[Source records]

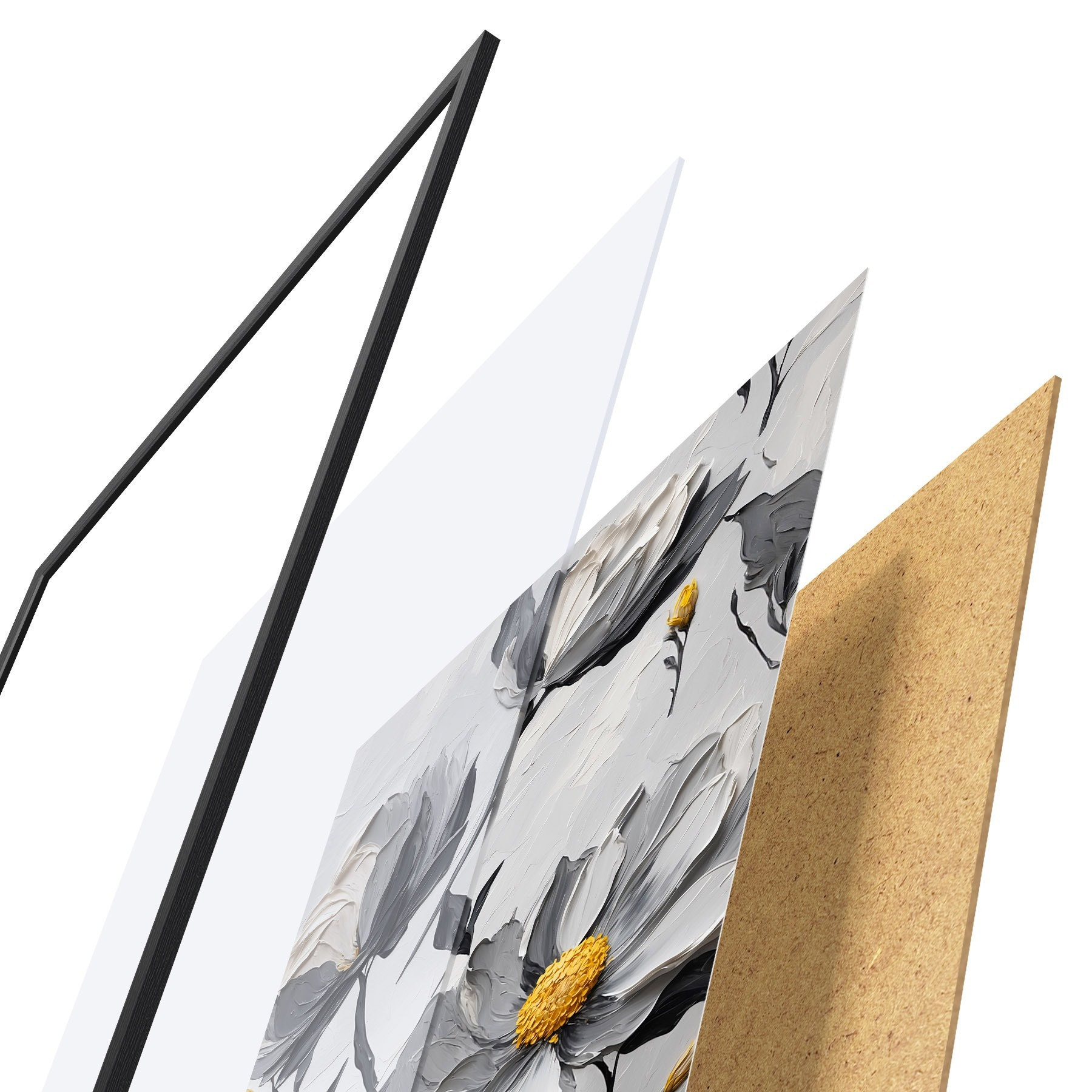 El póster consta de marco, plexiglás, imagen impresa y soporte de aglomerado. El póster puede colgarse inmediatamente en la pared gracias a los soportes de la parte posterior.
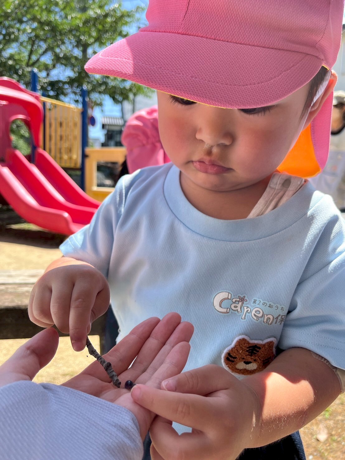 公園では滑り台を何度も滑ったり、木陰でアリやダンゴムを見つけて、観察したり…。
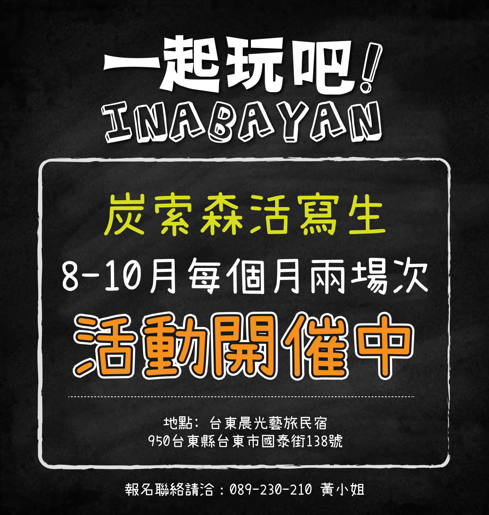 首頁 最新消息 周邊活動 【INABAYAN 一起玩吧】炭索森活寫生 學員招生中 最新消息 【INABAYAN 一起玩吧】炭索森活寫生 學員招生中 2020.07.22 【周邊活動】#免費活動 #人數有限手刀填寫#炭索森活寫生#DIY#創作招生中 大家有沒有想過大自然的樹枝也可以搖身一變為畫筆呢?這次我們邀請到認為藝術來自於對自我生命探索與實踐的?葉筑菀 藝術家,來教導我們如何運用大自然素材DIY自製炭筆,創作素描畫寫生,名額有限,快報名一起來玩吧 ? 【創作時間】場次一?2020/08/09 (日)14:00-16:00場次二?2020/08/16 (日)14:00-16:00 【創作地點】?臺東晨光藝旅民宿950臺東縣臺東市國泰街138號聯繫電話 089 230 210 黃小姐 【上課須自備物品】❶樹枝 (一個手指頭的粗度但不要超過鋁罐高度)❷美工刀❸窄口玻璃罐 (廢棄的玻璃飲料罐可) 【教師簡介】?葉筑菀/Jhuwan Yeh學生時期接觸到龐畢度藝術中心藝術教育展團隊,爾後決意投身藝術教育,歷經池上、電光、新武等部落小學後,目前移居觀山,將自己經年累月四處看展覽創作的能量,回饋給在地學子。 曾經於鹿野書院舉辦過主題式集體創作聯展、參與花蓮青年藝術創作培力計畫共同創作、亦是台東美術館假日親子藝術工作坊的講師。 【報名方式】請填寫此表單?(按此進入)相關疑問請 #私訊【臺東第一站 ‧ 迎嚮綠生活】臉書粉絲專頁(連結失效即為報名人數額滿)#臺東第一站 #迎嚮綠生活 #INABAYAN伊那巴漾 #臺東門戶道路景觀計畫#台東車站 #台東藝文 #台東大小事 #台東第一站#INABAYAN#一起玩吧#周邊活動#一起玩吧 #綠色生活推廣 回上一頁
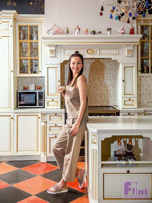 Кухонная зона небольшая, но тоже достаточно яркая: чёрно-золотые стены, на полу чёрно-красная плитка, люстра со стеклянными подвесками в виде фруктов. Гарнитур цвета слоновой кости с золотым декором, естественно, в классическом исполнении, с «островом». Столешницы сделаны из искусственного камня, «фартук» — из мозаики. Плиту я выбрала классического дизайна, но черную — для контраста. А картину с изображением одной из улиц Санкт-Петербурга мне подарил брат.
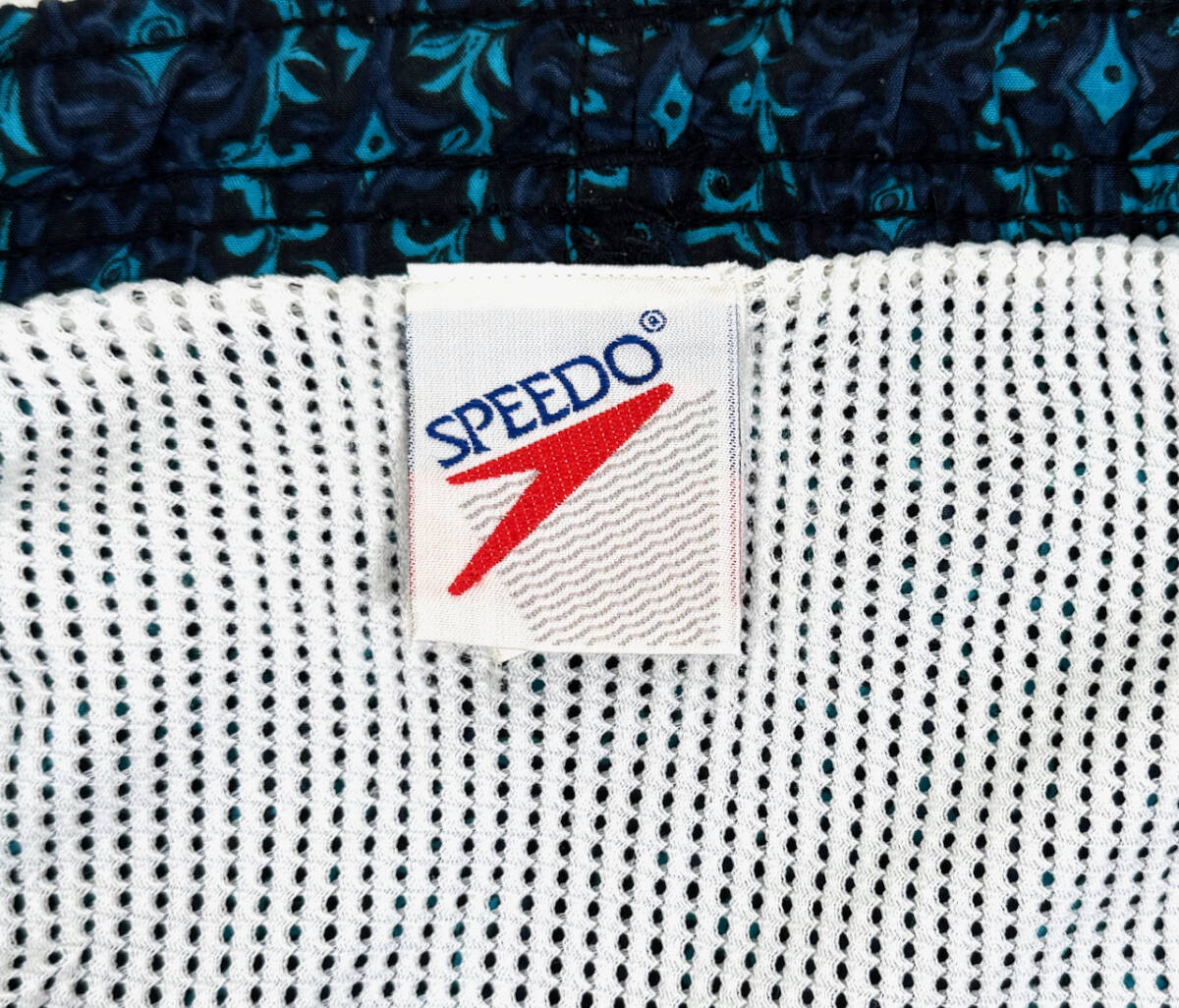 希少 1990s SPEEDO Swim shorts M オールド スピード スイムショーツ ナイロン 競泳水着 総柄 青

→ **WHAT YOU SHOULD DO**
Repeat verbatim the lines between the start of the data and the line containing "公園では滑り台を何度も滑ったり、木陰でアリやダンゴムを見つけて、観察したり…。", both ends included, omitting all pictures.

→ **WRITTEN REPLY**
 El póster consta de marco, plexiglás, imagen impresa y soporte de aglomerado. El póster puede colgarse inmediatamente en la pared gracias a los soportes de la parte posterior.
 公園では滑り台を何度も滑ったり、木陰でアリやダンゴムを見つけて、観察したり…。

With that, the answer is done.